[Opening Raw data section]

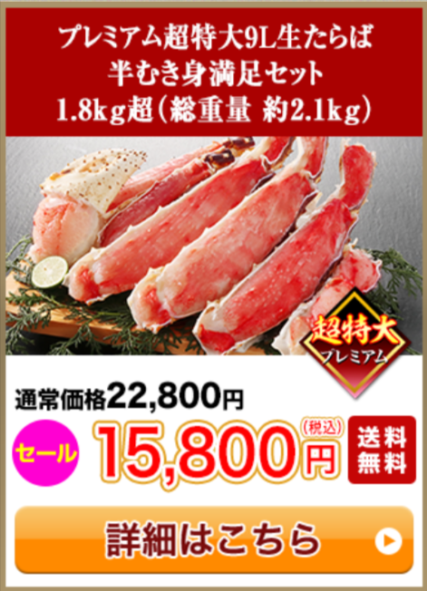 【PR】かに本舗 今回ご紹介するのは、今年のカニ買付量1000トン超! かにの通販サイトです♪ かに購入者の平均単価は12,000円超!お届けされているカニ商品は、 商品特性上売上の大半が11〜12月!年末に近づくにつれ逆放物線状に売上が増加していきます。近年は配送業者の負荷問題により、年末になると商品をお客様に届けることができなくなる可能性もありますので、早め早めのご注文をおすすめしております! 詳細はこちらをクリック おすすめ商品 9Lボイルたらばがに肩脚1肩 18,800円 ・むっちむち肉厚でジューシーで食べ応え満点・かにを知り尽くした熟練技で極上の茹で上がり・食べ方もいろいろ楽しめます♪ 9Lたらば半むき満足セット 15,800円 ・たらばの脚肉は食べ応え抜群・半むき身なので調理しやすく、使いやすい・ボリュームたっぷり♪ 自分好みのかにを選べる 商材名 かに本舗運営者 T.N※当サイトはアフィリエイトプログラムを利用し宣伝目的で作成しております。
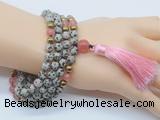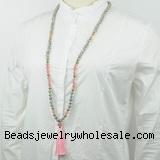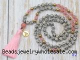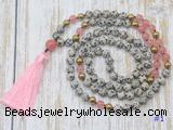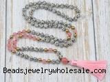 Details: Hand-knotted jasper mala necklaces: 108 8mm/10mm round dalmatian jasper, cherry quartz, plated hematite beads & 12mm cherry quartz guru bead with tassel/tassel & alloy charm (you can choose different tassel & charm) Item: GMN6347 Material: No.1: 8mm/10mm dalmatian jasper, cherry quartz, plated hematite beads, 12mm cherry quartz guru bead And tassel No.2: 8mm/10mm dalmatian jasper, cherry quartz, plated hematite beads, 12mm cherry quartz guru bead And tassel & charm Color: See image Length (inch): Necklace length: 8mm: approx 37 - 40 inches (Not including guru bead & tassel) 10mm: approx 46 - 50 inches (Not including guru bead & tassel) Quantity Discount Pricing: 1 – 4: None 5 – 49: 95% 50 – 99: 90% 100+: 85% This mala is available in both 8mm and 10mm beads, The listed price is for 1 piece 8mm mala necklace
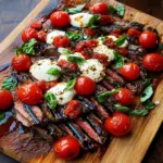 Balsamic Grilled Flank Steak Caprese is a vibrant and delicious dish that effortlessly combines the savory richness of marinated flank steak with the fresh flavors of mozzarella, ripe tomatoes, and aromatic basil. Ideal for summer barbecues or cozy weeknight dinners, this recipe not only looks stunning but also delivers robust flavors that will impress your guests. The flank steak is marinated in balsamic vinegar and grilled to juicy perfection before being layered with creamy mozzarella and fresh tomatoes. Finished with a drizzle of balsamic reduction, this dish elevates your dining experience while showcasing seasonal ingredients at their best. Dive into this easy yet impressive recipe that promises to become a new favorite!
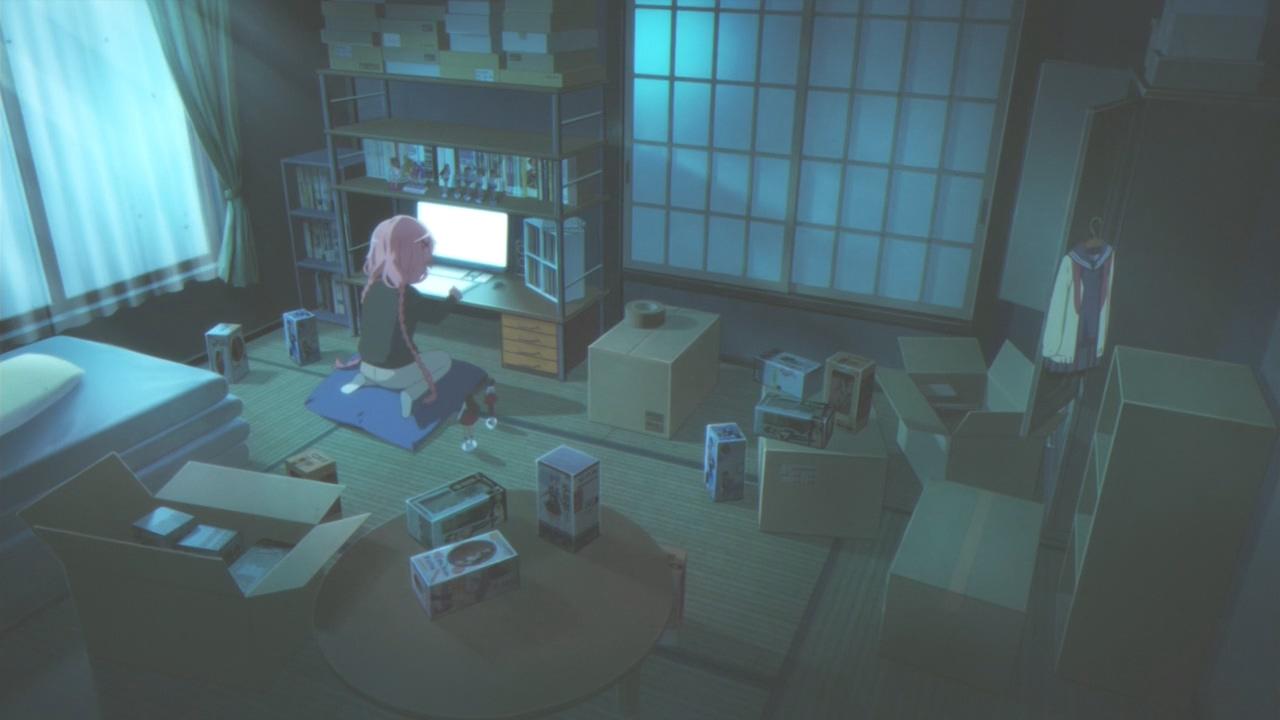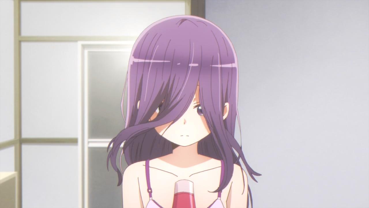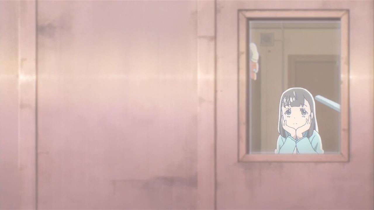一般来讲,这种画格之中的画格,是为了凸显出画格内的内容有着某种局限。例如说,为了制造出隔离感、疏远,或者说,能让我们更集中与格内角色——例如《人渣的本愿》就有场面将画格拆散,造出这种效果的镜头,刻意特写或强调角色的表情与肢体语言。早前播放的《比宇宙更远的地方》也比较自然地使用窗户、景物,去强调角色的孤寂感、孤单感——五话有着大量这类的例子。 《漫画女孩》耐人寻味的地方却不仅仅是格内的内容,还包括将背景抽空,以致到背景要不就是纯白色,要不就是不上色,只有线稿。

[Closing Raw data section]

● Problem to work on
The material above must be printed exactly, with its pictures left out.

● Solution for this problem
 【PR】かに本舗 今回ご紹介するのは、今年のカニ買付量1000トン超! かにの通販サイトです♪ かに購入者の平均単価は12,000円超!お届けされているカニ商品は、 商品特性上売上の大半が11〜12月!年末に近づくにつれ逆放物線状に売上が増加していきます。近年は配送業者の負荷問題により、年末になると商品をお客様に届けることができなくなる可能性もありますので、早め早めのご注文をおすすめしております! 詳細はこちらをクリック おすすめ商品 9Lボイルたらばがに肩脚1肩 18,800円 ・むっちむち肉厚でジューシーで食べ応え満点・かにを知り尽くした熟練技で極上の茹で上がり・食べ方もいろいろ楽しめます♪ 9Lたらば半むき満足セット 15,800円 ・たらばの脚肉は食べ応え抜群・半むき身なので調理しやすく、使いやすい・ボリュームたっぷり♪ 自分好みのかにを選べる 商材名 かに本舗運営者 T.N※当サイトはアフィリエイトプログラムを利用し宣伝目的で作成しております。
 Details: Hand-knotted jasper mala necklaces: 108 8mm/10mm round dalmatian jasper, cherry quartz, plated hematite beads & 12mm cherry quartz guru bead with tassel/tassel & alloy charm (you can choose different tassel & charm) Item: GMN6347 Material: No.1: 8mm/10mm dalmatian jasper, cherry quartz, plated hematite beads, 12mm cherry quartz guru bead And tassel No.2: 8mm/10mm dalmatian jasper, cherry quartz, plated hematite beads, 12mm cherry quartz guru bead And tassel & charm Color: See image Length (inch): Necklace length: 8mm: approx 37 - 40 inches (Not including guru bead & tassel) 10mm: approx 46 - 50 inches (Not including guru bead & tassel) Quantity Discount Pricing: 1 – 4: None 5 – 49: 95% 50 – 99: 90% 100+: 85% This mala is available in both 8mm and 10mm beads, The listed price is for 1 piece 8mm mala necklace
 Balsamic Grilled Flank Steak Caprese is a vibrant and delicious dish that effortlessly combines the savory richness of marinated flank steak with the fresh flavors of mozzarella, ripe tomatoes, and aromatic basil. Ideal for summer barbecues or cozy weeknight dinners, this recipe not only looks stunning but also delivers robust flavors that will impress your guests. The flank steak is marinated in balsamic vinegar and grilled to juicy perfection before being layered with creamy mozzarella and fresh tomatoes. Finished with a drizzle of balsamic reduction, this dish elevates your dining experience while showcasing seasonal ingredients at their best. Dive into this easy yet impressive recipe that promises to become a new favorite!
一般来讲,这种画格之中的画格,是为了凸显出画格内的内容有着某种局限。例如说,为了制造出隔离感、疏远,或者说,能让我们更集中与格内角色——例如《人渣的本愿》就有场面将画格拆散,造出这种效果的镜头,刻意特写或强调角色的表情与肢体语言。早前播放的《比宇宙更远的地方》也比较自然地使用窗户、景物,去强调角色的孤寂感、孤单感——五话有着大量这类的例子。 《漫画女孩》耐人寻味的地方却不仅仅是格内的内容,还包括将背景抽空,以致到背景要不就是纯白色,要不就是不上色,只有线稿。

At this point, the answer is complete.